Root cause is that setup-env.sh declared the environment "ready"
without exercising the CLI import chain that `vllm serve` runs at
startup. The existing sequence was:
1. Install vLLM nightly
2. Probe `from vllm.entrypoints.cli.main import main` (auto-heal)
3. `uv pip install -e . --no-build-isolation` (LMCache install)
4. `python -c "import vllm; import lmcache"` (final probe)
Step 3 silently downgrades 9 transitive packages (opentelemetry-*
1.41->1.40, prometheus-client 0.25->0.24.1) to honor the caps in
requirements/common.txt.
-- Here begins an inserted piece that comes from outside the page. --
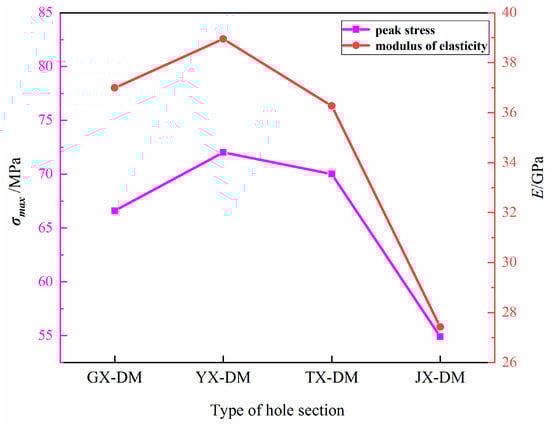 A comparison of the peak failure strength and the elastic modulus for the different cross-sectional shapes is shown in Figure 4. As can be seen from the figure, the relative errors of the elastic modulus among each group of samples with circular, trapezoidal, straight-wall circular-arch, and rectangular shapes are all relatively small, indicating that the selected samples are mostly homogeneous in texture and similar in internal pore structure and distribution. Compared with the intact samples, the average peak compressive strengths of the circular, trapezoidal, straight-wall circular-arch, and rectangular cross-sectional hole samples were 88.40%, 86.03%, 81.74%, and 67.37% of the average peak compressive strength of the intact rock, respectively. The experimental data show that the circular cross-sectional hole had the lowest weakening effect on the compressive strength of the sandstone samples in terms of structure, with only an 11.6% reduction compared to the ultimate compressive strength of the intact rock samples, while the rectangular cross-sectional hole led to the most significant strength reduction, with a decrease of 32.63%. This is because, when the circular hole is subjected to force, the stress distribution is relatively more uniform, due to the symmetry of its shape. This uniform stress distribution helps to reduce local damage to the sample during compression, thereby delaying the overall failure process. The circular hole has no sharp edges, so it is less prone to stress concentration. Stress concentration is one of the important factors leading to material failure, and the design of circular holes effectively reduces this risk. Square holes are more prone to stress concentration at their sharp edges. Stress concentration can cause local stress to exceed the material’s strength limit, leading to crack propagation and sample failure. This failure often occurs at lower stress levels, so square holes have a more severe weakening effect on the compressive strength of the samples. A square hole creates a relatively larger material discontinuity in the sample. This discontinuity can lead to uneven stress distribution around the hole, further exacerbating the stress concentration phenomenon. At the same time, this discontinuity also provides a path for crack propagation, reducing the overall strength of the sample.

Step 4 is the only post-install check, but
plain `import vllm` doesn't pull vllm.entrypoints.cli.main ->
vllm.config -> vllm.transformers_utils.config, so any CLI-chain
breakage introduced by the downgrades slips through until the first
`vllm serve` subprocess fails 180s later.
Fixes:
- Extract the CLI import probe into a `probe_vllm_cli` function so
the same check runs both during the auto-heal loop (pre-install)
and as a hard probe after the LMCache install.
- Add a post-install CLI probe that fails fast with the actual
traceback and a full `uv pip freeze` if the env is broken, instead
of letting the 180s test-harness timeout hide the real failure.
- Snapshot `uv pip freeze` before and after `uv pip install -e .`
and diff them, so the silent downgrades done by LMCache's pins
are visible in the build log instead of having to be reconstructed
from package-install stderr.
With this change, the current k3 failure mode surfaces in ~10s at
setup time with a clear ImportError traceback and the exact package
versions at fault, instead of a 180s port-wait timeout.
Signed-off-by: Samuel Shen <slshen@tensormesh.ai>
There was a problem hiding this comment.
Code Review
This pull request enhances the CI environment setup script by introducing a probe_vllm_cli function to detect broken vLLM import chains early. It also adds environment snapshotting before and after the LMCache installation to track package changes and includes a post-install probe to ensure environment integrity. Feedback suggests avoiding fixed filenames in /tmp to prevent race conditions in shared CI environments and reusing existing environment snapshots for error reporting instead of re-running uv pip freeze on a potentially broken environment.
| uv pip freeze | sort > /tmp/env-before-lmcache.txt | ||
| uv pip install -e . --no-build-isolation | ||
| uv pip freeze | sort > /tmp/env-after-lmcache.txt | ||
| if ! diff -q /tmp/env-before-lmcache.txt /tmp/env-after-lmcache.txt >/dev/null; then | ||
| echo "--- :warning: Packages changed during LMCache install" | ||
| diff /tmp/env-before-lmcache.txt /tmp/env-after-lmcache.txt || true | ||
| fi |
There was a problem hiding this comment.
Using fixed filenames in /tmp can lead to race conditions or permission conflicts if multiple CI jobs run concurrently on the same host (e.g., on a shared Buildkite agent). It is safer to use local files within the job's workspace (which is typically isolated per job in Buildkite) or use mktemp to ensure isolation.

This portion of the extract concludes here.